The 2-Ingredient Lemon Sauce That Will Change Your Life

A sauce this delicious must be the product of hours of work and careful tinkering, right? Not this one.

I'm not big on making sauces at home. Pasta sauce, sure. Yeah, I'll make gravy for Thanksgiving. But you won't find me whipping up creamy béchamel, tangy hollandaise, or any of the other classic French mother sauces at home on a weeknight. Pan juices thickened up with a knob of butter normally do the trick for any piece of protein I'm usually cooking.

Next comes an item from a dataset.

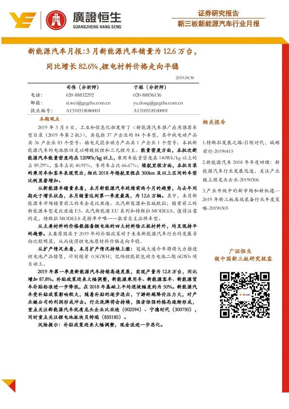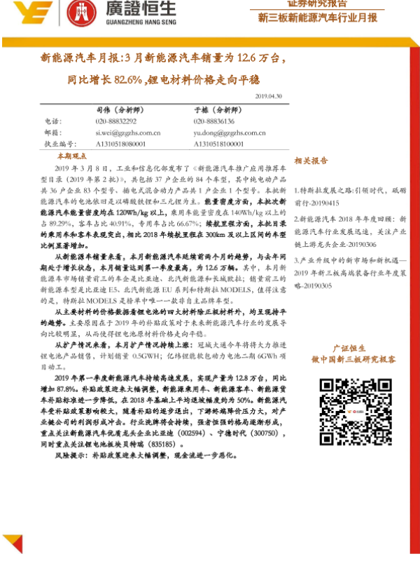 【广证恒生】【20190430】20190430-广证恒生证券研究所-新能源汽车月报:3月新能源汽车销量为12.6万台同比增长82.6%,锂电材料价格走向平稳-16页

But, there was I was, standing at my kitchen counter a few nights ago, dreaming of a sauce I had at a restaurant. The simple yellow swoosh of a sauce came on a plate alongside pan-seared octopus at Roberta's, a Brooklyn restaurant that serves some of the smartest simple food in the country under the guise of being a pizza joint.

Described only as "Meyer lemon," the sauce was at once bright, bitter, and lightly sweet. I know the Meyer lemon, a hybrid of lemon and Mandarin orange, is one of the highlights of winter cooking, but I'd never experienced them like this before. I had to know what sort of citrus wizardry was at work here, so I spoke to chef de cuisine Nick Barker.

Barker told me the sauce was, basically, nothing more than whole Meyer lemons, blended into submission with a bit of simple syrup (aka sugar syrup) for sweetness. No peeling, zesting, or blanching. Just cut the Meyers in half, flick out any visible seeds, and blend. The sauce doesn't even require olive oil to emulsify it, thanks to the natural oils found in the lemon's skin. "If you get good Meyers, they retain a nice bitterness since you don't cook them," he said. The result is a spot-on balance of sweet and sour.

Put lemons in a blender? I can do that.

Photo by Chelsea Kyle, Food Styling by Matt Duckor

The technique couldn't be any simpler: Halve and seed Meyer lemons and blend them, periodically scraping down the sides of the blender to make sure everything gets incorporated. Add simple syrup (I used a tablespoon of simple syrup for each lemon I used) and season with salt to taste. Bonus: It will keep for the fridge for a few weeks.

Don't have Meyer lemons on hand? Barker says that the same technique works with regular lemons: Just peel the lemon and blanch the lemon rinds before blending the flesh and blanched peel with the simple syrup as directed above.

What you're left with is a sauce so glorious that no one will believe it took you less than 5 minutes to make. I use it almost exclusively on fish—a seared fillet of red snapper, a tangle of grilled octopus, or a few plump shrimp—but the sauce could easily be thinned out with olive oil and a bit of honey and transformed into a supercharged lemon dressing for salads, too.

Looks like I'll have to rethink my no-sauce-at-home policy.